Principal Investigator: Dr Matthew Keller
Approved Research ID: 16651
Approval date: January 12th 2016

Lay summary

We are interested in how anthropomorphic and health/disease phenotypes are associated with health and disease. The specific aim of this study is to examine association signals from SNPs, examine how much of the variation is captured by examining all SNPs simultaneously, and look at the extent to which SNPs that predict variation in these phenotypes in one ethnic group also predict variation in these traits in other ethnic groups. We would also like to conduct association analyses of tobacco use and alcohol phenotypes and meta-analyze them with results from other studies. Finally, we are interested in using these phenotypes to test new methods for using SNP data to estimate the heritability of traits.
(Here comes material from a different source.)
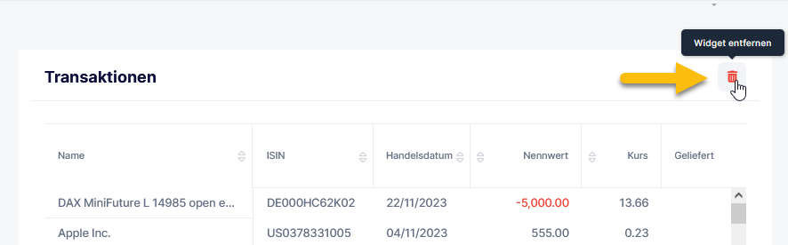 - Wählen Sie im zu ersetzenden Widget das Icon "Widget entfernen".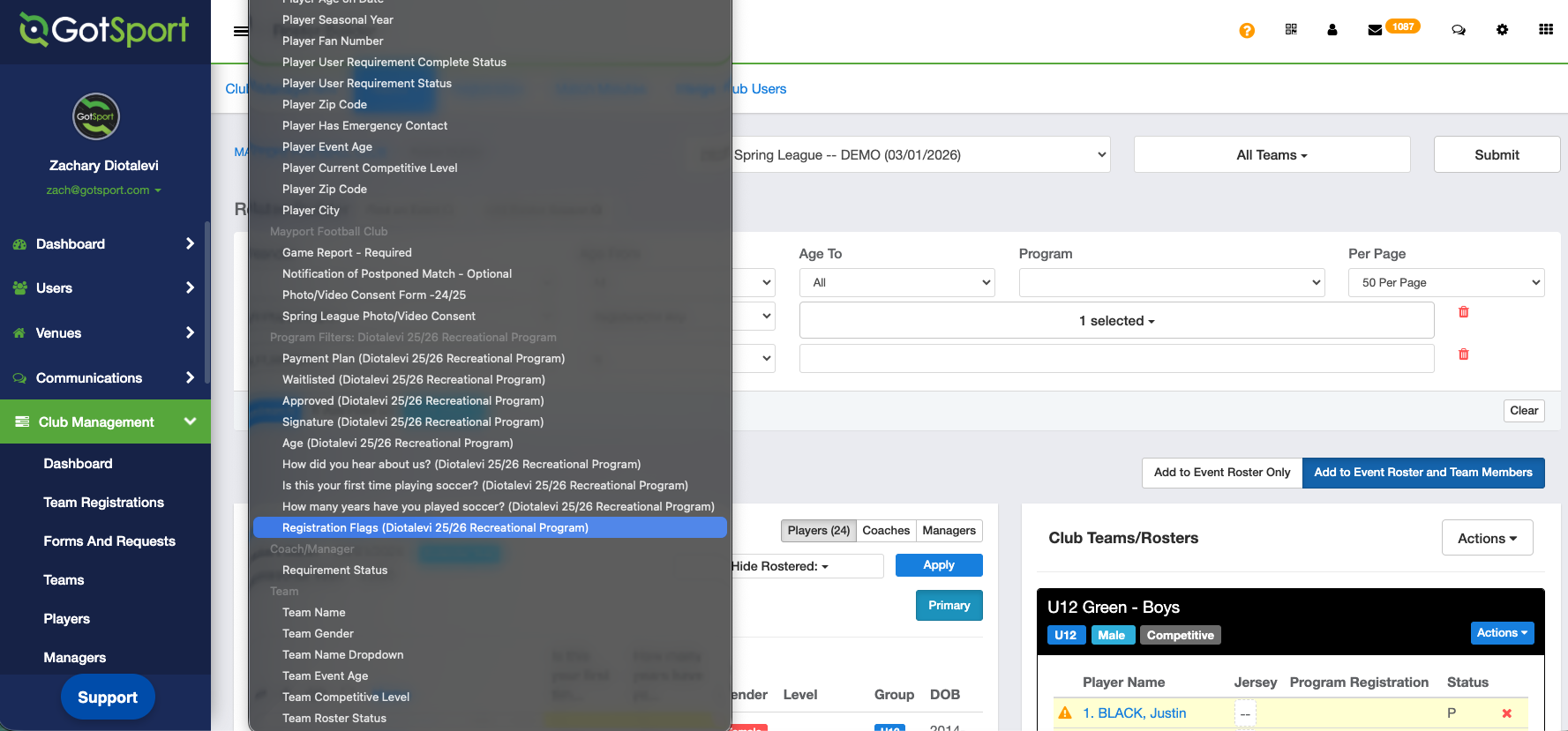 As Club Admin - How to use Program Registrations Flags within Club Management and Roster Builder (October 2025)

Several ?intermediate? factors, such as anthropometric phenotypes (e.g.,BMI and height) and blood proteins (e.g., cholesterol) affect human health and disease, yet the genetic underpinnings of these phenotypes remain poorly characterized. This is a request for access to data relevant to health elated traits in order to help elucidate the patterns of genetic variation that may underlie these traits. Access to data containing health and disease outcomes will allow study of the genetic variation underlying the particular diseases, and the relationship of that variation to anthropometric risk factors and correlates.Understanding the genetic architecture of anthropomorphic and health/disease phenotypes can lead to greater understanding of the mediating factors that affect the burden of health and disease in modern societies. We plan to use genetic data (single nucleotide polymorphism data) to investigate whether certain genetic variants predict these intermediate and disease traits, and how well we can predict these traits by considering all genetic data simultaneously. Our methods require large samples; we would like access to all whole genome genotyped data possible.